I was working on Distributed Services for AIX in 1986 and 1987, a distributed filesystem to compete with NFS. As this was being developed by a dev team, my colleague and I pondered how to test the system that we had architected.

There were so many possible states that a system's file system can be in. Were the conventional tests going to catch subtle bugs? Here's an example of an unusual but not unheard of issue: in a Unix system a file can be unlinked and hence deleted from all directories while remaining open by one or more processes. Such a file could still be written to and read by multiple processes at least until it was finally closed by all processes having open file descriptors at which point it would disappear from the system. Does the distributed file system model this correctly? Many other strange combinations of system calls might be applied to the file system. Will the tests exercise these.

It occurred to me that the "correct" behavior for any sequence of system calls could be defined by just running the sequence on a local file system and comparing the results with running an identical sequence of system calls against the distributed file system.

I built a system to generate random sequences of file related system calls that would run these on a local file system and a remote distributed file system that I wanted to test. As soon as a difference in outcome resulted the test would halt and save a log of the sequence of operations.

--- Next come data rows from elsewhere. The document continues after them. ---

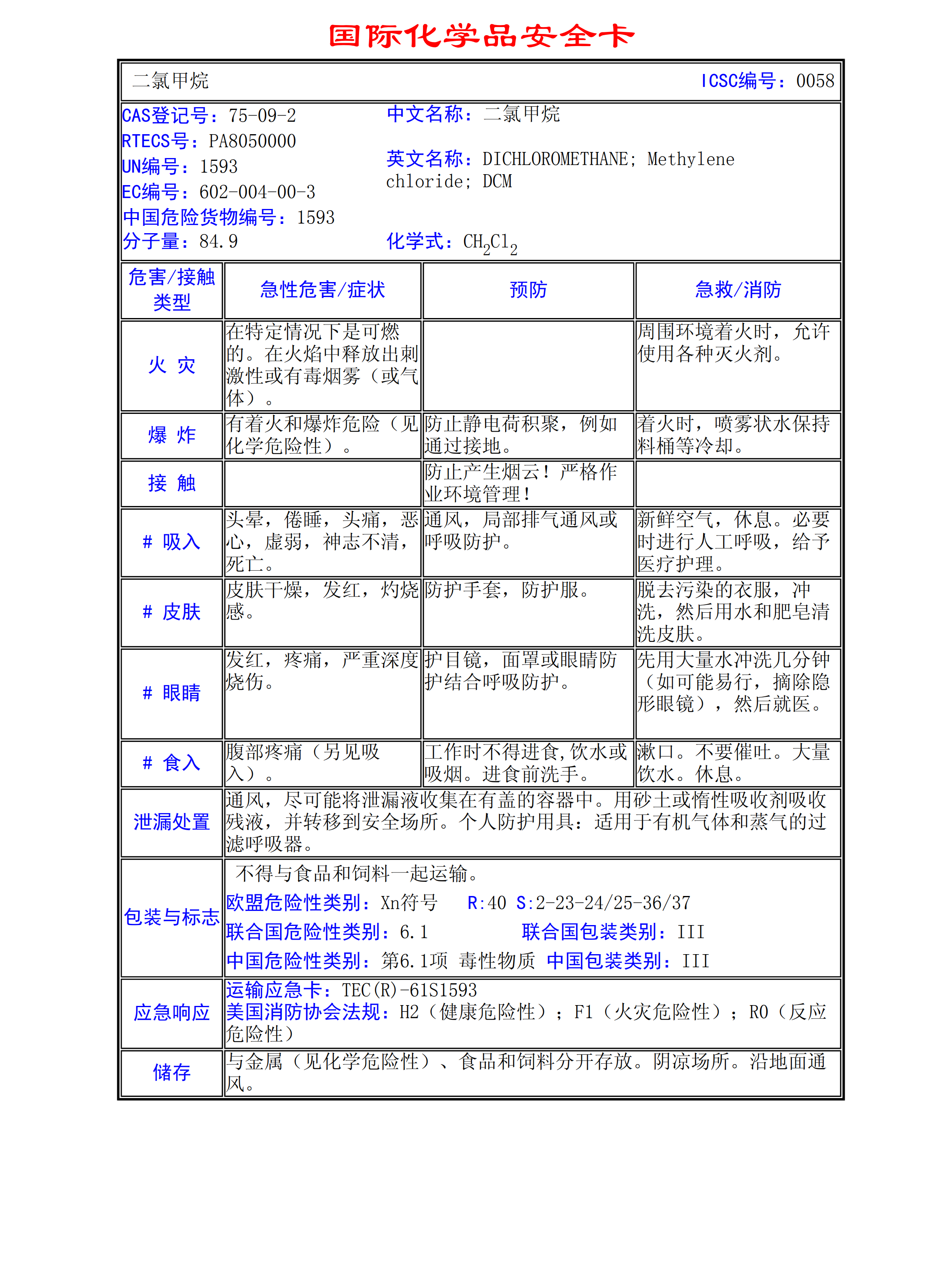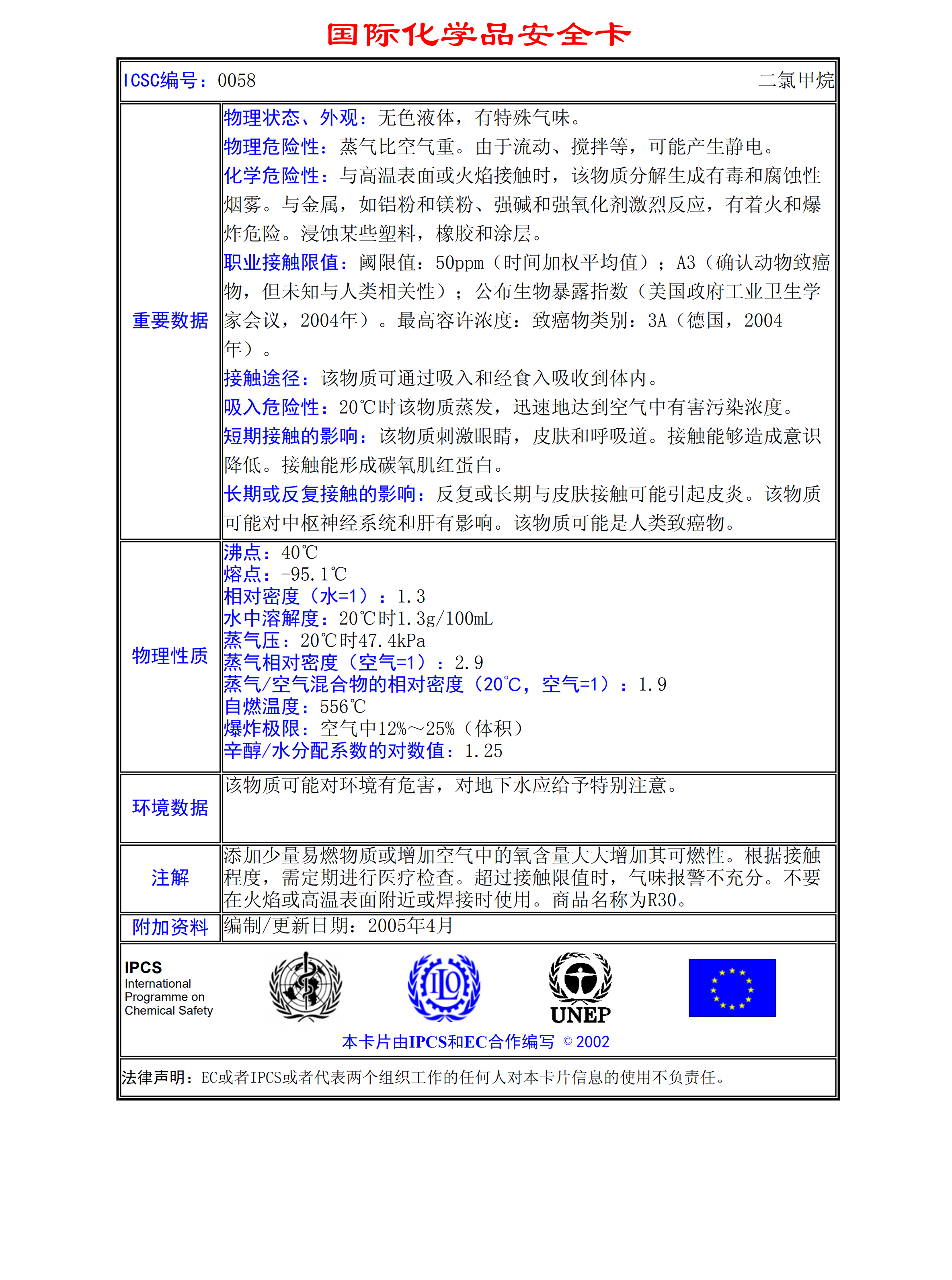 二氯甲烷MSDS
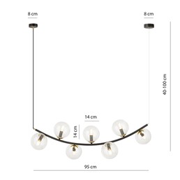 Lampa Wisząca RITZ 7 to propozycja wprowadzająca prostotę minimalistycznego designu do każdego wnętrza. Wykonana ze stali w kolorze czarnym, doskonale współgra ze szklanym kloszem. Jej kształt w formie półkola z nieregularnie rozmieszczonymi kloszami nadaje wnętrzu wyjątkowego charakteru, podkreślając jednocześnie jego nowoczesny i wytworny styl. Jest to idealny wybór dla osób poszukujących sposobu na ożywienie swoich wnętrz, tworząc oświetlenie, które nie tylko spełnia funkcjonalne potrzeby, ale także wyróżnia się estetyką.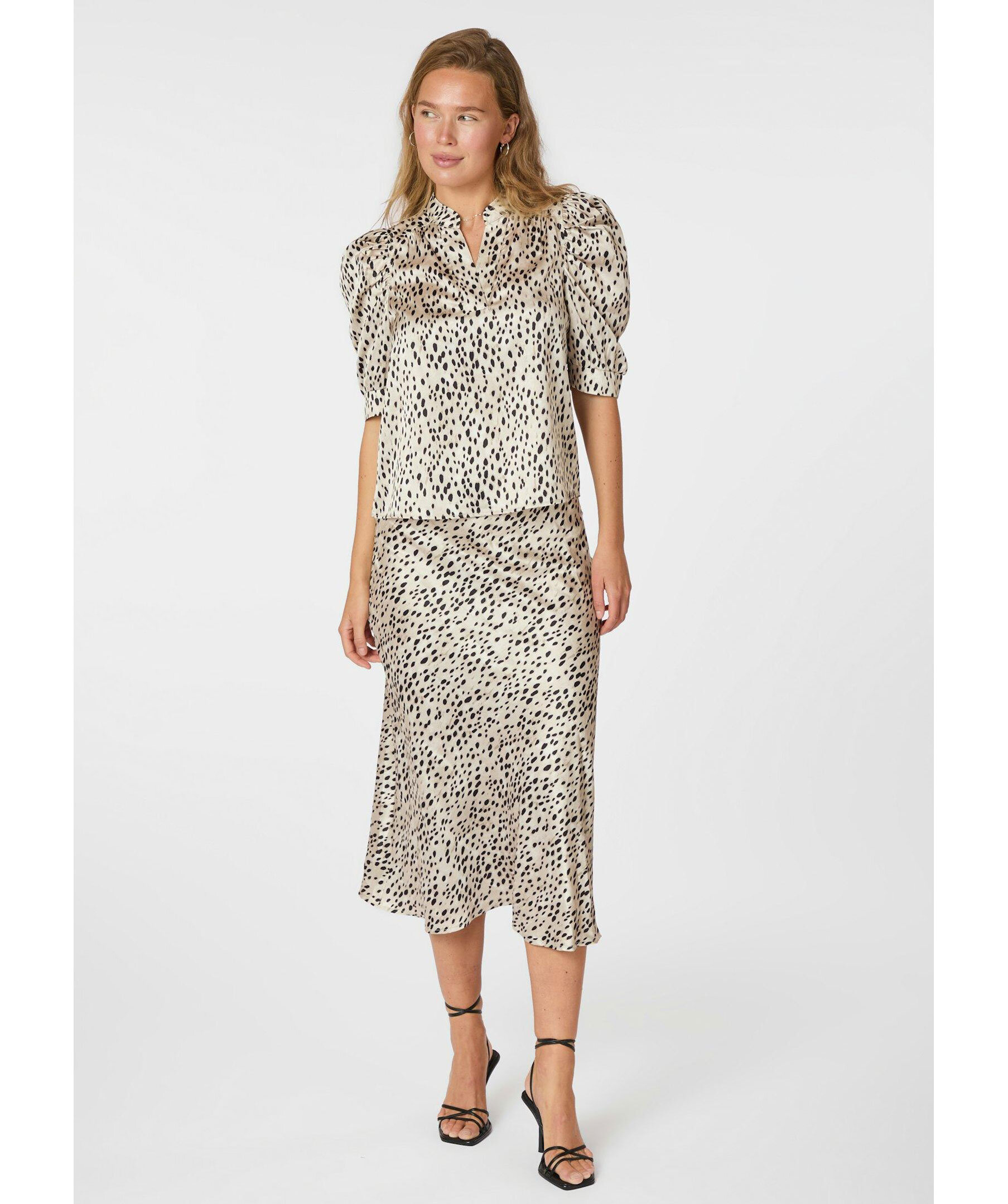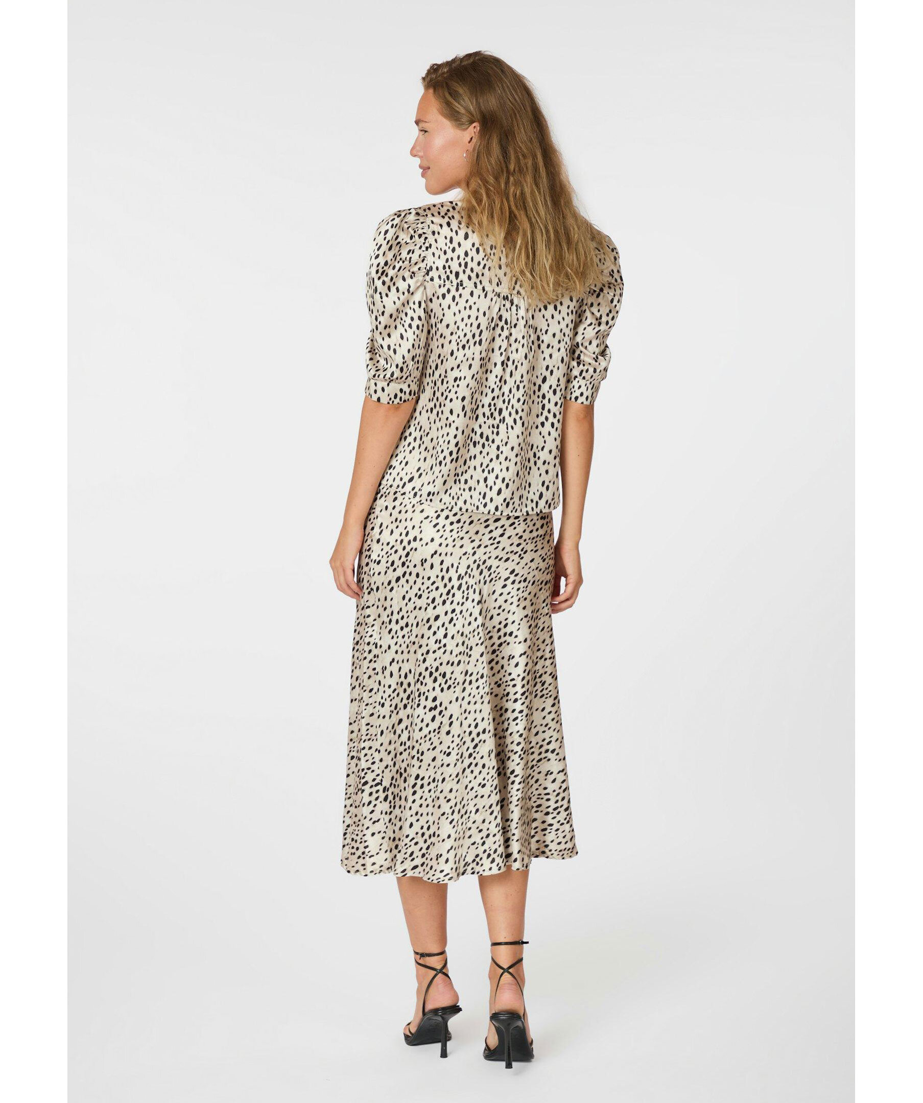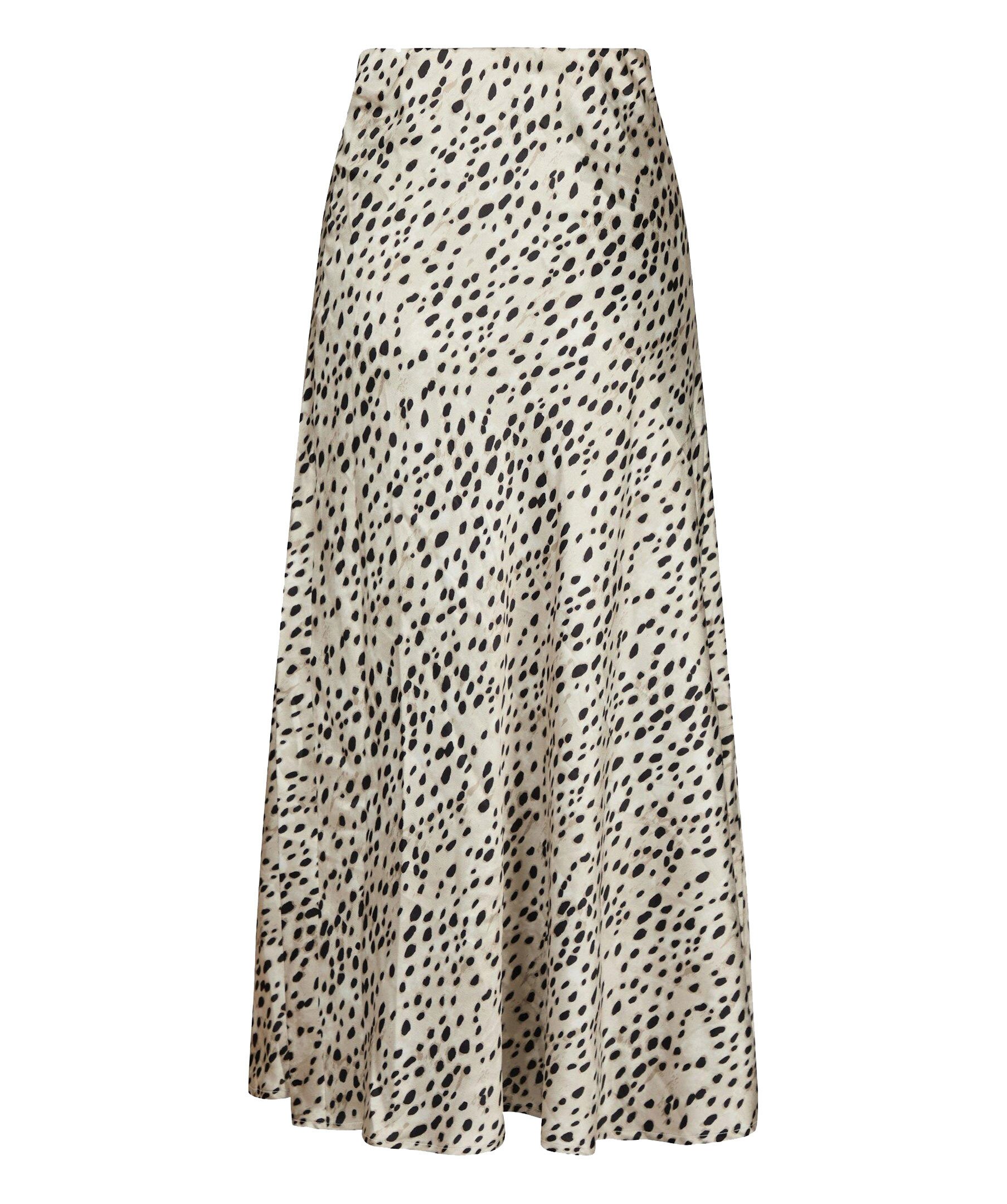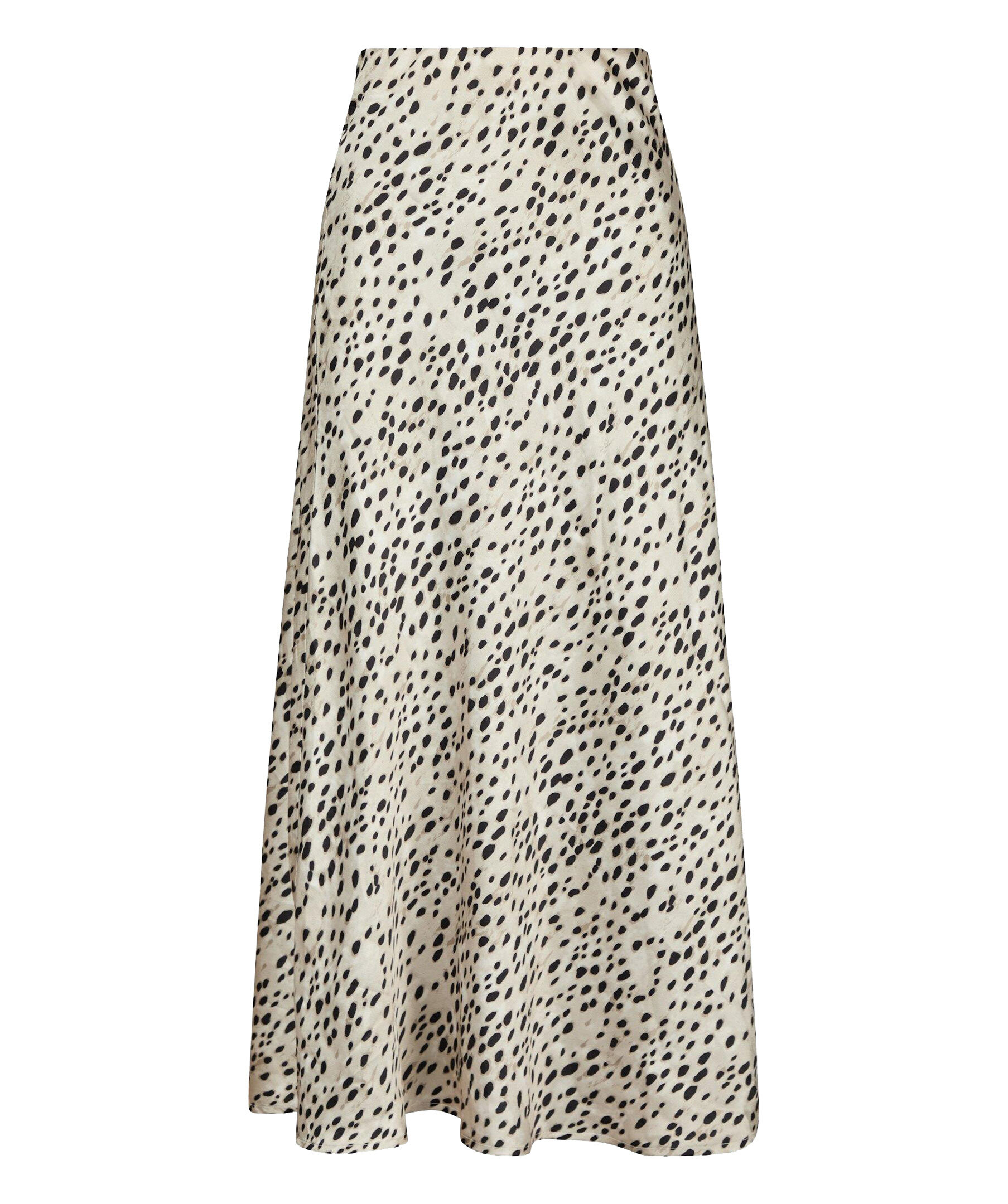 Sandfärgad, mönstrad satinkjol från Neo Noir med elastisk midja. Tillverkad i polyester.

My experience with this test rig was interesting. At first discrepancies happened right away. As each bug was fixed by the dev team, we would start the stochastic testing again, and then a new bug would be found. Over time the test would run for a few minutes before failure and then a few minute longer and finally for hours and hours. It was a really ingesting and effective way to find some of the more subtle bugs in the code. I don't recall if I published this information internally or not.

The key to modern fuzzing is feedback, usually some kind of coverage measurement of the program under test. This allows the fuzzer to be much smarter about how it finds new code paths and discards inputs that don't extend coverage. This makes fuzzing find bugs a lot quicker.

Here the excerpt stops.